* [Data provided]

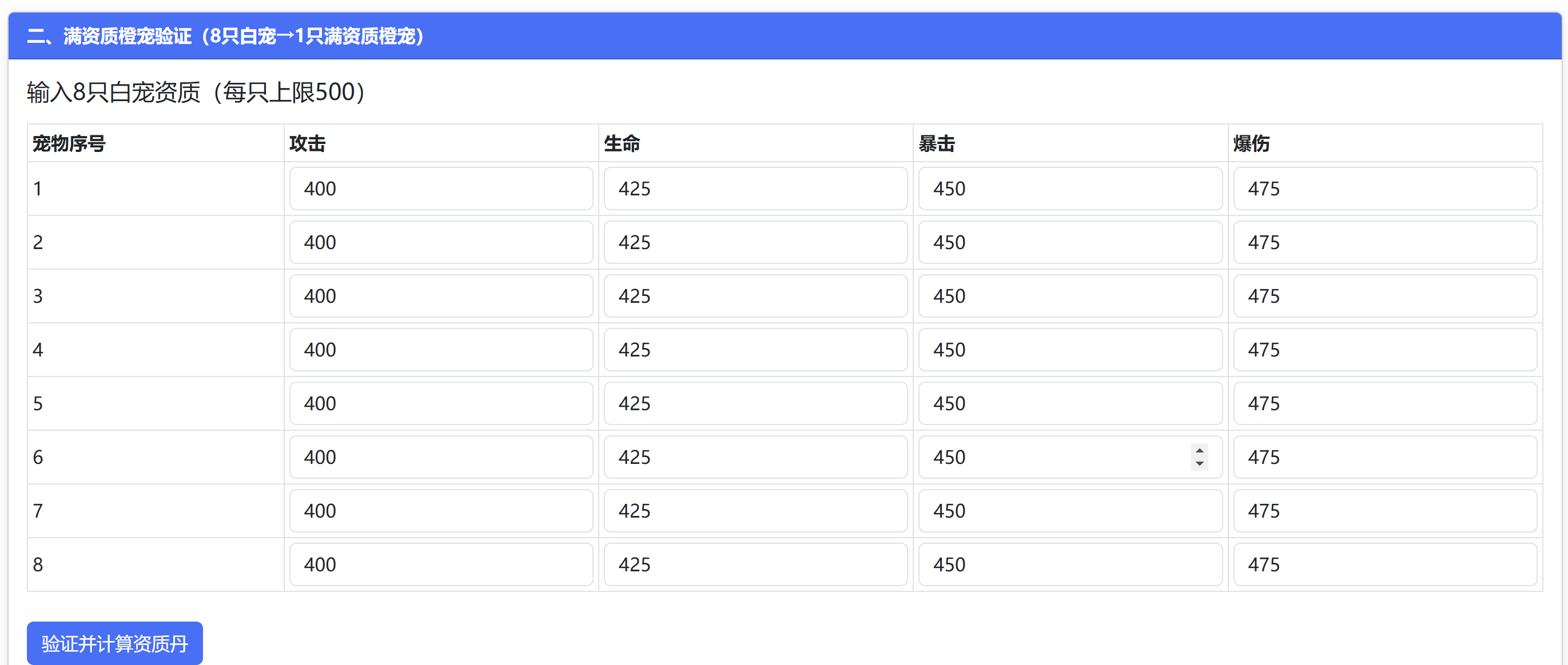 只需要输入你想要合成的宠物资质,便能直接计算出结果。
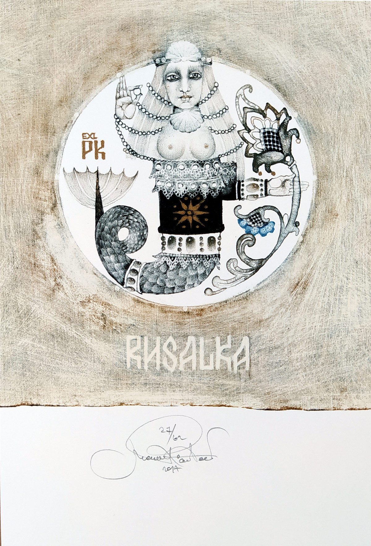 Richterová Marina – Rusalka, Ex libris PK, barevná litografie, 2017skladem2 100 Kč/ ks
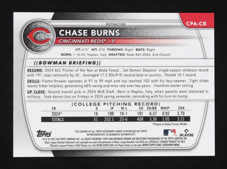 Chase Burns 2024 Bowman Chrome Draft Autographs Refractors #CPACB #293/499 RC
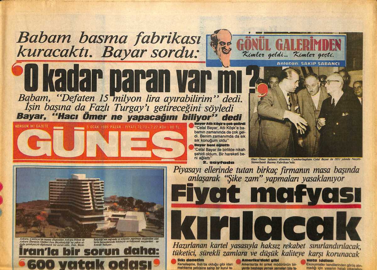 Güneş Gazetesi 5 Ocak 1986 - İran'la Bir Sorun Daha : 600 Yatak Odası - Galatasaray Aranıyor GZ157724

--

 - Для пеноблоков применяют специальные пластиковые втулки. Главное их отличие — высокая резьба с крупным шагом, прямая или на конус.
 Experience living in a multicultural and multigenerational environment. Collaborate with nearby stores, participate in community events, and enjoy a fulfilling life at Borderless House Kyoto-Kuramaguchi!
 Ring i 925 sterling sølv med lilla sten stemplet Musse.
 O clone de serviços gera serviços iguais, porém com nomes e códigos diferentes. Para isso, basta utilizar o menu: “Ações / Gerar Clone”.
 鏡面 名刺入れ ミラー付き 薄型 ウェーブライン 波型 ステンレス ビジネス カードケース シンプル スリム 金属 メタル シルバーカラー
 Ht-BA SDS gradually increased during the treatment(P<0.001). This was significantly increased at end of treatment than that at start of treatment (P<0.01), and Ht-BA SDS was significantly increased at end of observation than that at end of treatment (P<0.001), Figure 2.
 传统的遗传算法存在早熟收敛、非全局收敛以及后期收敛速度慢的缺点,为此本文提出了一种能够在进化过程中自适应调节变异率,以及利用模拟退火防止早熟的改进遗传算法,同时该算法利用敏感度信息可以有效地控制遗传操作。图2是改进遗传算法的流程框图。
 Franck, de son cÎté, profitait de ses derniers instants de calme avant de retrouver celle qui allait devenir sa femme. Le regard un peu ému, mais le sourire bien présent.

* [Exercise] What's needed is an exact copy of the lines above from the one with "只需要输入你想要合成的宠物资质,便能直接计算出结果。" through the one with "Güneş Gazetesi 5", both included; the pictures stay out.

* [Answer below]
 只需要输入你想要合成的宠物资质,便能直接计算出结果。
 Richterová Marina – Rusalka, Ex libris PK, barevná litografie, 2017skladem2 100 Kč/ ks
 Chase Burns 2024 Bowman Chrome Draft Autographs Refractors #CPACB #293/499 RC
 Güneş Gazetesi 5 Ocak 1986 - İran'la Bir Sorun Daha : 600 Yatak Odası - Galatasaray Aranıyor GZ157724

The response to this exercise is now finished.